▶ **Your goal**: Strip out all images, then restate the data verbatim.

▶ **Information shown**:

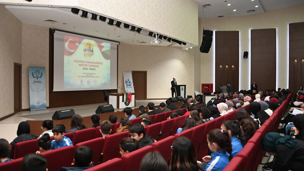 Filistin’de yaşanan vahşete dikkat çekmek amacıyla düzenlenen “Filistinli Kardeşlerimize Mektup” yarışmasının ödülleri düzenlenen törenle kazanan öğrencilere verildi. Selçuklu Belediyesi ve Selçuklu İlçe Milli Eğitim Müdürlüğü işbirliği ile ortaokul ve lise kategorisinde düzenlenen yarışmaya 36 okul başvuru yapmıştı.
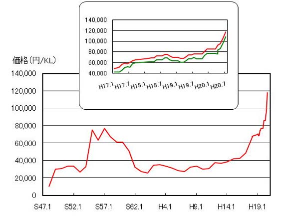 このグラフは、A重油の値段です。。軽油から税金を引いた値段ですね。
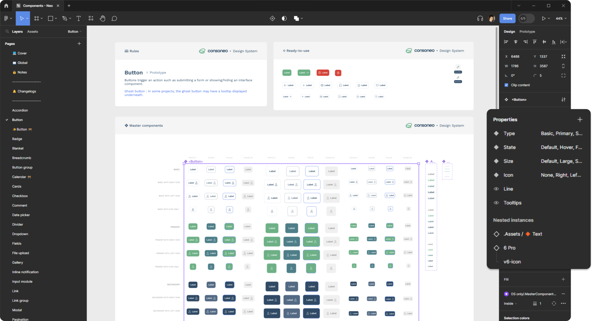 1. Afin de clarifier le contexte d’utilisation des composants et de rendre leur lecture plus agréable. Ce template comprend : un encart dédié aux règles générales à suivre pour maintenir le DS de manière cohérente, un encart pour les composants “master” et leurs composants enfants (souvent non publiés), un encart pour contextualiser les composants et les prototyper, un encart pour les composants prêts à être utilisés et un encart pour les cas particuliers concernant les composants utilisant des variables spécifiques.

▶ **Answer to the problem**:
 Filistin’de yaşanan vahşete dikkat çekmek amacıyla düzenlenen “Filistinli Kardeşlerimize Mektup” yarışmasının ödülleri düzenlenen törenle kazanan öğrencilere verildi. Selçuklu Belediyesi ve Selçuklu İlçe Milli Eğitim Müdürlüğü işbirliği ile ortaokul ve lise kategorisinde düzenlenen yarışmaya 36 okul başvuru yapmıştı.
 このグラフは、A重油の値段です。。軽油から税金を引いた値段ですね。
 1. Afin de clarifier le contexte d’utilisation des composants et de rendre leur lecture plus agréable. Ce template comprend : un encart dédié aux règles générales à suivre pour maintenir le DS de manière cohérente, un encart pour les composants “master” et leurs composants enfants (souvent non publiés), un encart pour contextualiser les composants et les prototyper, un encart pour les composants prêts à être utilisés et un encart pour les cas particuliers concernant les composants utilisant des variables spécifiques.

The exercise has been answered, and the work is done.